Requirement: Reproduce each line of the material exactly, minus any picture.

Data below:
--- --- ---

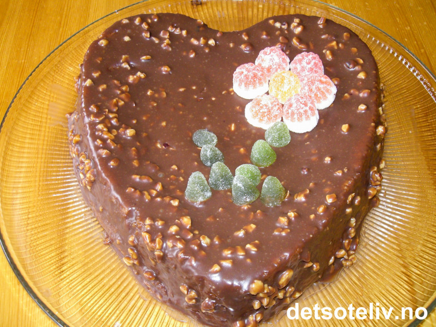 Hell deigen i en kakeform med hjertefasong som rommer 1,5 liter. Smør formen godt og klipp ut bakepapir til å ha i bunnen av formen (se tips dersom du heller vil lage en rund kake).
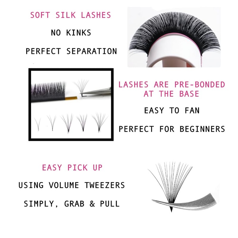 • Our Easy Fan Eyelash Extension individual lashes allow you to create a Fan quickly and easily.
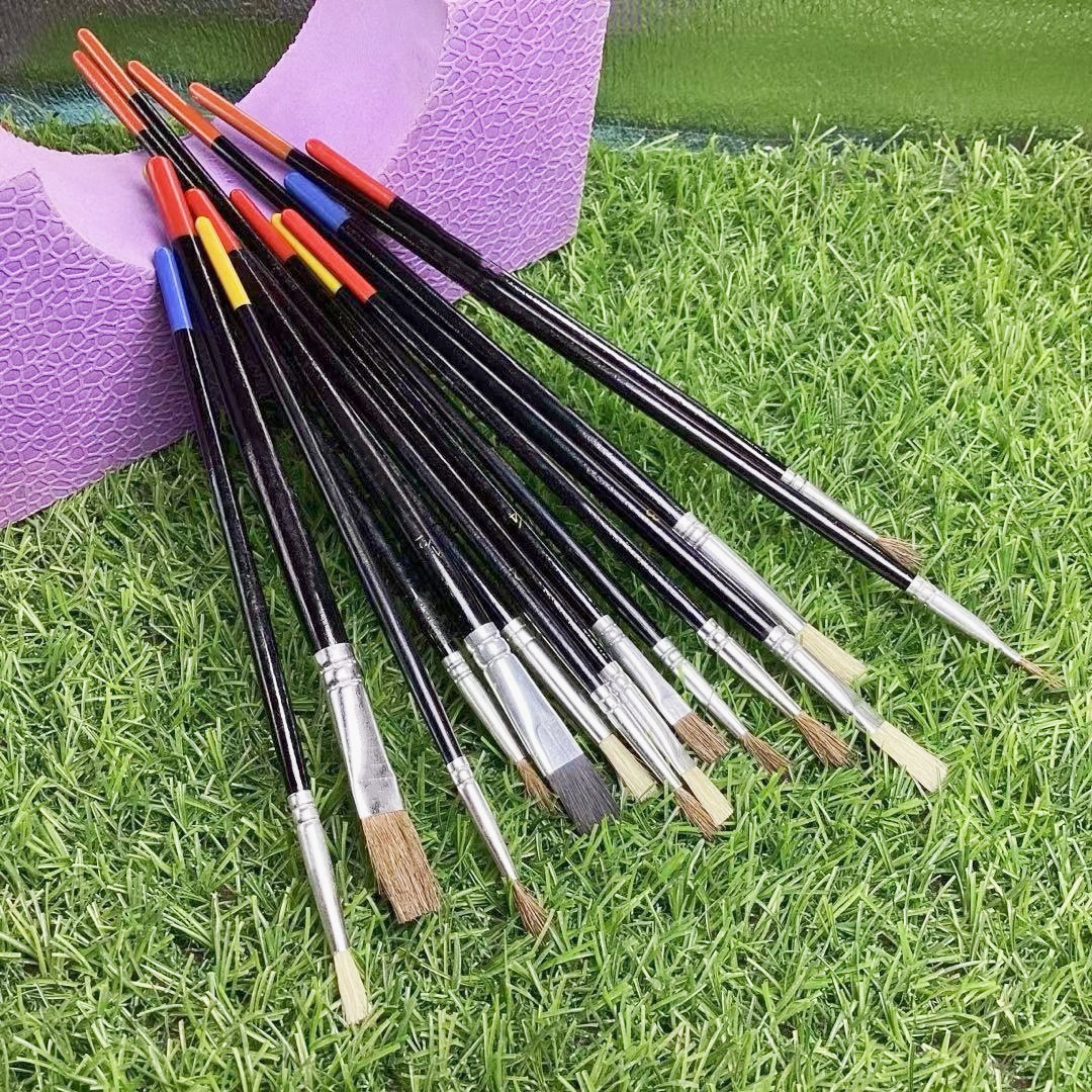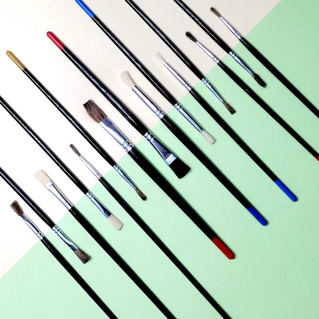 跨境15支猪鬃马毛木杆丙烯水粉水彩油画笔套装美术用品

--- --- ---

Problem solution:
 Hell deigen i en kakeform med hjertefasong som rommer 1,5 liter. Smør formen godt og klipp ut bakepapir til å ha i bunnen av formen (se tips dersom du heller vil lage en rund kake).
 • Our Easy Fan Eyelash Extension individual lashes allow you to create a Fan quickly and easily.
 跨境15支猪鬃马毛木杆丙烯水粉水彩油画笔套装美术用品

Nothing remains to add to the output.